Testbed status
authorClaudio-Daniel Freire <claudio-daniel.freire@inria.fr>
Thu, 28 Jul 2011 17:09:32 +0000 (19:09 +0200)
committerClaudio-Daniel Freire <claudio-daniel.freire@inria.fr>
Thu, 28 Jul 2011 17:09:32 +0000 (19:09 +0200)
src/nepi/core/execute.py
src/nepi/core/testbed_impl.py
src/nepi/util/constants.py
src/nepi/util/proxy.py

index 8eff5e1..5fad868 100644 (file)
@@ -3,7 +3,7 @@
 
 from nepi.core.attributes import Attribute, AttributesMap
 from nepi.util import validation
-from nepi.util.constants import ApplicationStatus as AS, TIME_NOW, DeploymentConfiguration as DC
+from nepi.util.constants import ApplicationStatus as AS, TestbedStatus as TS, TIME_NOW, DeploymentConfiguration as DC
 from nepi.util.parser._xml import XmlExperimentParser
 import sys
 import re
@@ -200,6 +200,9 @@ class TestbedController(object):
 
     def status(self, guid):
         raise NotImplementedError
+    
+    def testbed_status(self):
+        raise NotImplementedError
 
     def trace(self, guid, trace_id, attribute='value'):
         raise NotImplementedError
@@ -232,6 +235,7 @@ class ExperimentController(object):
         self._root_dir = root_dir
         self._netreffed_testbeds = set()

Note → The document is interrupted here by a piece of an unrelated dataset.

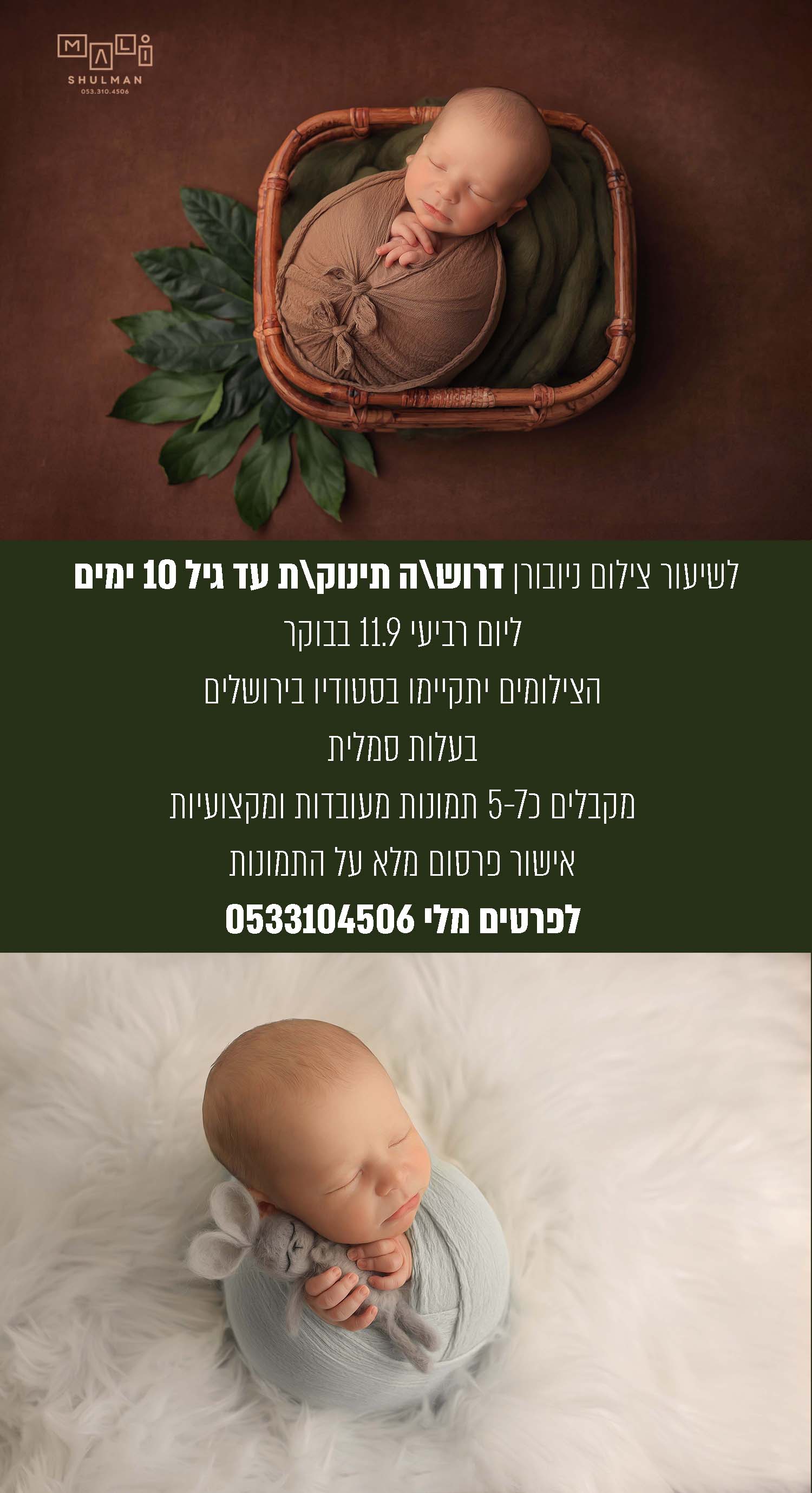 לשיעור צילום ניובורן דרוש\ה תינוק\ת ליום רביעי 11.09

         self._guids_in_testbed_cache = dict()
+        self._failed_testbeds = set()
         
         if experiment_xml is None and root_dir is not None:
             # Recover
@@ -339,9 +343,13 @@ class ExperimentController(object):
         else:
             # recover recoverable controllers
             for guid in to_recover:
-                self._testbeds[guid].do_setup()

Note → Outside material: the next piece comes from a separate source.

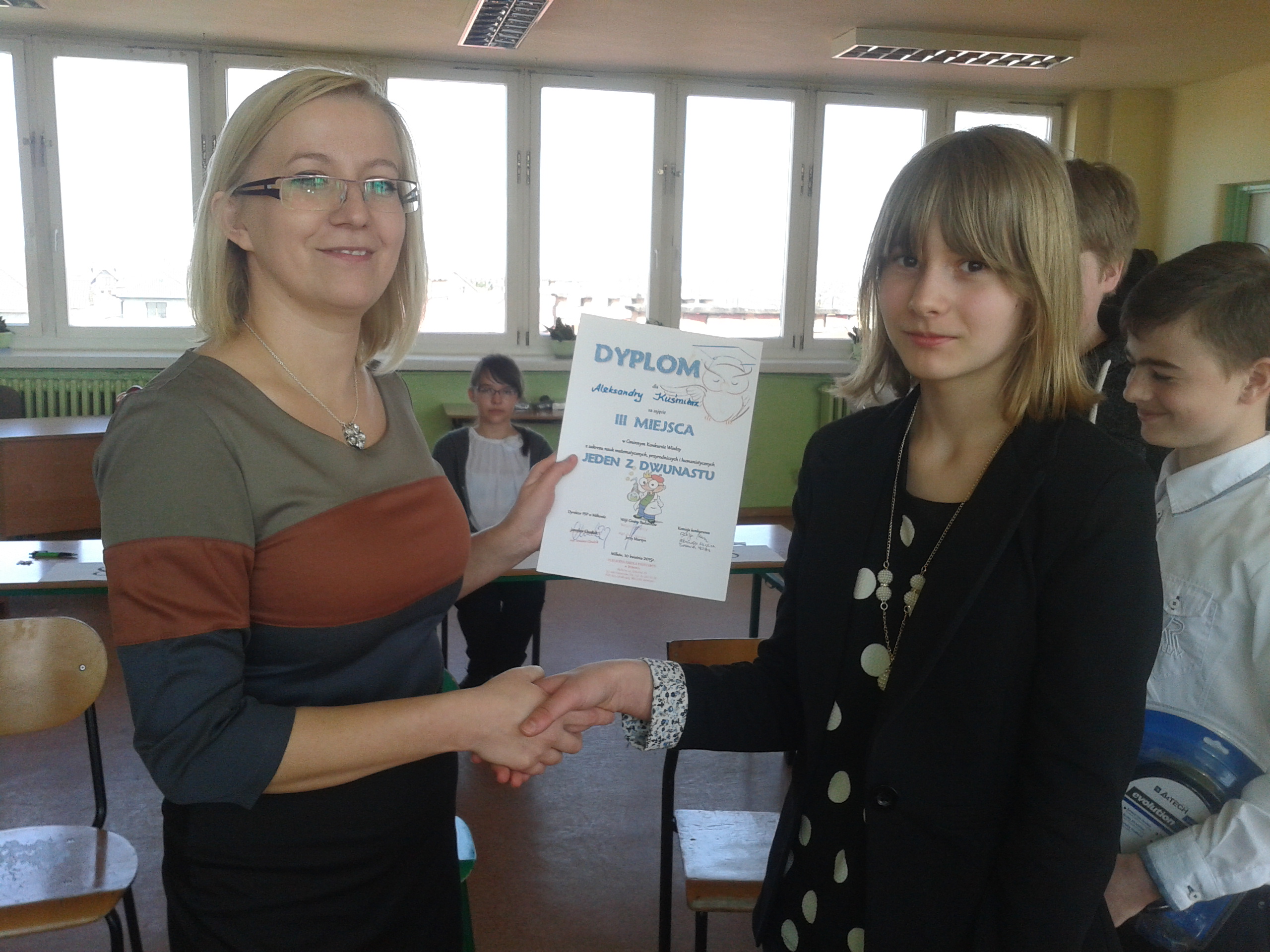 Dominik Jasiński z klasy 6a zajął II miejsce, a Aleksandra Kuśmierz z klasy 6a zajęła III miejsce.

-                self._testbeds[guid].recover()
-        
+                try:
+                    self._testbeds[guid].do_setup()
+                    self._testbeds[guid].recover()
+                except:
+                    # Mark failed
+                    self._failed_testbeds.add(guid)
+    
         def steps_to_configure(self, allowed_guids):
             # perform setup in parallel for all test beds,
             # wait for all threads to finish
@@ -386,8 +394,12 @@ class ExperimentController(object):
             else:
                 # recover recoverable controllers
                 for guid in to_recover:
-                    self._testbeds[guid].do_setup()
-                    self._testbeds[guid].recover()
+                    try:
+                        self._testbeds[guid].do_setup()
+                        self._testbeds[guid].recover()
+                    except:
+                        # Mark failed
+                        self._failed_testbeds.add(guid)
 
             # configure dependant testbeds
             steps_to_configure(self, to_restart)
@@ -561,8 +573,10 @@ class ExperimentController(object):
    
     def recover(self):
         # reload perviously persisted testbed access configurations
+        self._failed_testbeds.clear()
         self._load_testbed_proxies()
 
+        # re-program testbeds that need recovery
         self._start(recover = True)
 
     def is_finished(self, guid):
@@ -570,12 +584,32 @@ class ExperimentController(object):
         if testbed != None:
             return testbed.status(guid) == AS.STATUS_FINISHED
         raise RuntimeError("No element exists with guid %d" % guid)    
+    
+    def _testbed_recovery_policy(self, guid, data = None):
+        if data is None:
+            parser = XmlExperimentParser()
+            data = parser.from_xml_to_data(self._experiment_design_xml)
+        
+        return data.get_attribute_data(guid, DC.RECOVERY_POLICY)
 
     def status(self, guid):
-        testbed = self._testbed_for_guid(guid)
-        if testbed != None:
-            return testbed.status(guid)
-        raise RuntimeError("No element exists with guid %d" % guid)    
+        if guid in self._testbeds:
+            # guid is a testbed
+            # report testbed status
+            if guid in self._failed_testbeds:
+                return TS.STATUS_FAILED
+            else:
+                try:
+                    return self._testbeds[guid].status()
+                except:
+                    return TS.STATUS_UNRESPONSIVE
+        else:
+            # guid is an element
+            testbed = self._testbed_for_guid(guid)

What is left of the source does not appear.